## INSTRUCTIONS FOR THE TASK
Write out all the data verbatim. Skip images.

## STORED DATA

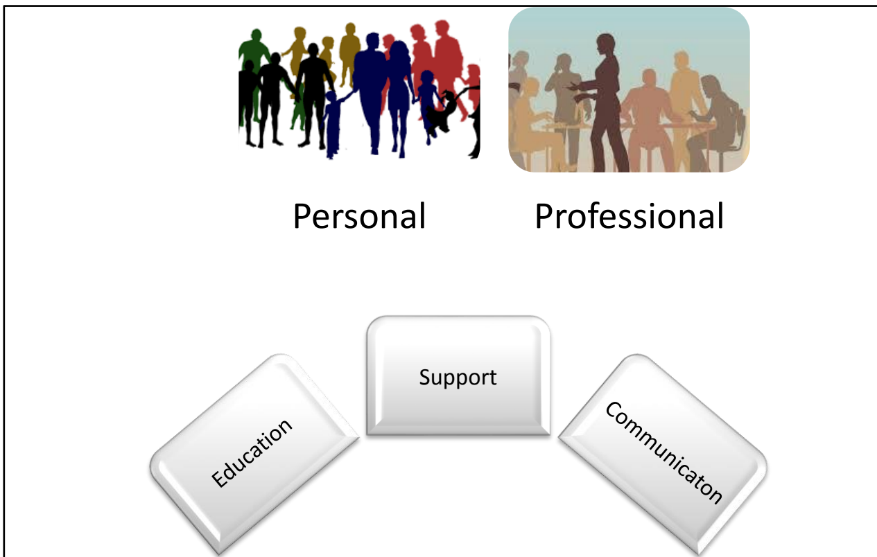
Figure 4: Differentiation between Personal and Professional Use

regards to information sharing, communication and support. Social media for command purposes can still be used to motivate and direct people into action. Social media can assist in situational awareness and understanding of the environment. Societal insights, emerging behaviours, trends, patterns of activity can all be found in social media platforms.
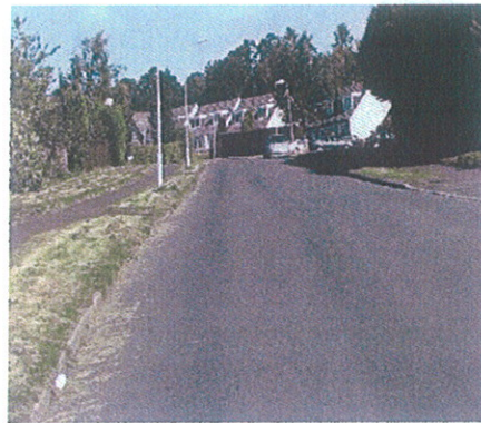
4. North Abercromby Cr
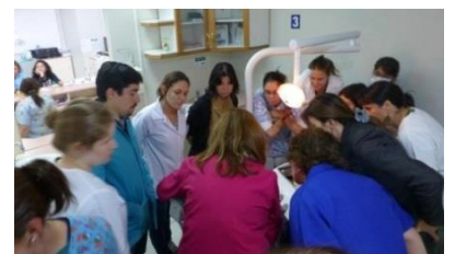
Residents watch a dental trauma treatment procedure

## THE COMPLETED TASK
Figure 4: Differentiation between Personal and Professional Use

regards to information sharing, communication and support. Social media for command purposes can still be used to motivate and direct people into action. Social media can assist in situational awareness and understanding of the environment. Societal insights, emerging behaviours, trends, patterns of activity can all be found in social media platforms.
4. North Abercromby Cr
Residents watch a dental trauma treatment procedure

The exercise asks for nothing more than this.